[Ppnews] Breaking Private Manning
Political Prisoner News
ppnews at freedomarchives.org
Tue Nov 27 12:10:28 EST 2012
November 27, 2012
http://www.counterpunch.org/2012/11/27/breaking-private-manning/
Bradley Manning is being punished -- and tortured -- for a crime that
amounts to believing one's highest duty is to the American people and
not the American government
Breaking Private Manning
by MICHAEL RATNER
By the time the 23-year-old soldier's court martial starts on February
4, 2013, Bradley Manning will have spent 983 days in prison, including
nine months in solitary confinement, without having been convicted of a
single crime. This week, in pre-trail hearings, a military court is
reviewing evidence that the conditions under which he has been held
constitute torture. These conditions include the nine-month period spent
23 hours a day in a six-by-eight-foot cell where he was forbidden to lie
down or even lean against a wall when he was not sleeping -- and when he
was allowed to sleep at night, officers woke him every five minutes --
and where he was subjected to daily strip searches and forced nudity.

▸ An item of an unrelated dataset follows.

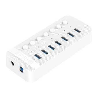 ORICO CT2U3-7AB-WH 7 In 1 Plastic Stripes Multi-Port USB HUB with Individual Switches, EU Plug(White) (ORICO)

The UN Special Rapporteur for Torture has already found this amounted to
cruel, inhuman and degrading treatment, and possibly torture.
For almost three years Manning has endured intense physical and mental
pressure, all designed to force him to implicate WikiLeaks and its
publisher Julian Assange in an alleged conspiracy to commit espionage.
It is also a message to would-be whistleblowers: the U.S. government
will not be gentle.
"[If] you saw incredible things, awful things... things that
belonged in the public domain, and not on some server stored in a
dark room in Washington, D.C.... what would you do? ... It's
important that it gets out...it might actually change something...
hopefully worldwide discussion, debates, and reforms..."
These are purportedly Manning's words*, and that is change many of us
would like to believe in: that if you give people the truth about their
government's unlawful activities, and the freedom to discuss it, they
will hold their elected officials accountable.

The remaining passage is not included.